NEW YORK (CNNMoney) -- Treasury Secretary Tim Geithner on Thursday urged lawmakers to act soon to increase the debt ceiling, warning that failure to do so would be disastrous for the economy and for Americans.
In a letter to congressional leaders, Geithner said Treasury estimates that U.S. borrowing needs could push the amount of debt past the legal borrowing limit of $14.294 trillion sometime between March 31 and May 16.
As of Tuesday, the amount of U.S. debt subject to the debt ceiling was $13.961 trillion.
The debt ceiling has never been reached. But if U.S. borrowing hits the ceiling and lawmakers fail to raise it, Treasury would be prohibited from borrowing more money. Barring immediate and draconian policy changes, the country would be unable to pay its bondholders or fund programs and benefits in full.

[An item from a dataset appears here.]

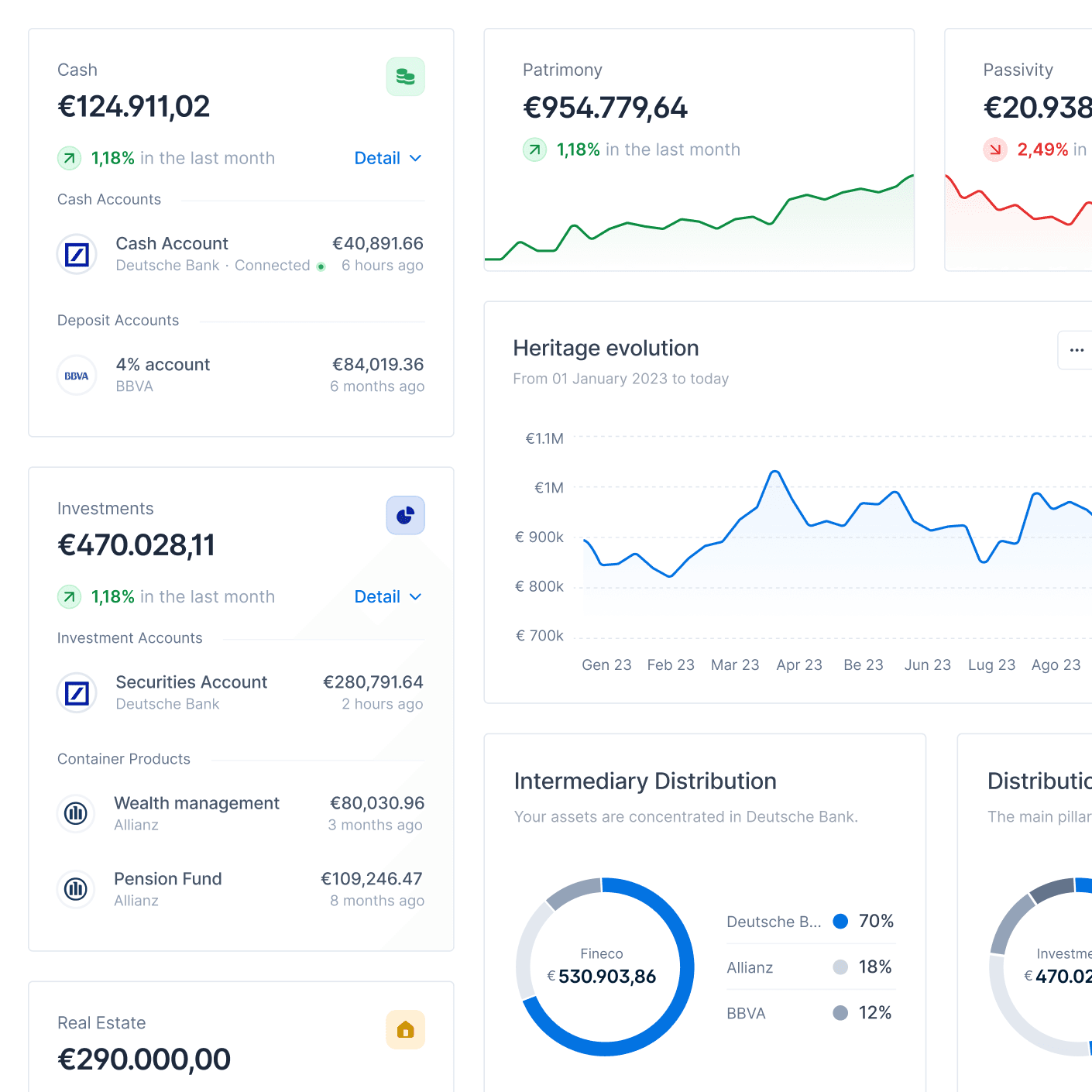 Checking accounts, ETFs, Mutual funds, Stocks, Bonds, Insurance policies, Wealth management, Pension funds, Real estate, and Crypto: everything in one place

That's because there wouldn't be enough tax revenue coming in to cover all of the country's bills.
Experts say the cascade effect would be crippling not only to the U.S. economy but very likely to economies and markets worldwide.
At a minimum, a default could pummel U.S. bonds, the dollar and U.S. investors' portfolios. And that, in turn, could create a debt crisis for the United States that would likely be even harder to combat than the financial crisis of 2008.
"Even a very short-term or limited default would have catastrophic economic consequences that would last for decades," Geithner wrote.
Borrowing costs would rise across the board -- for federal, state and local governments, and for businesses and consumers, he said. Millions of jobs could be lost and stock prices, home values and retirement savings would suffer, Geithner added.
While Treasury has certain measures it can take to postpone a breach from occurring, Geithner said they would only last "several weeks."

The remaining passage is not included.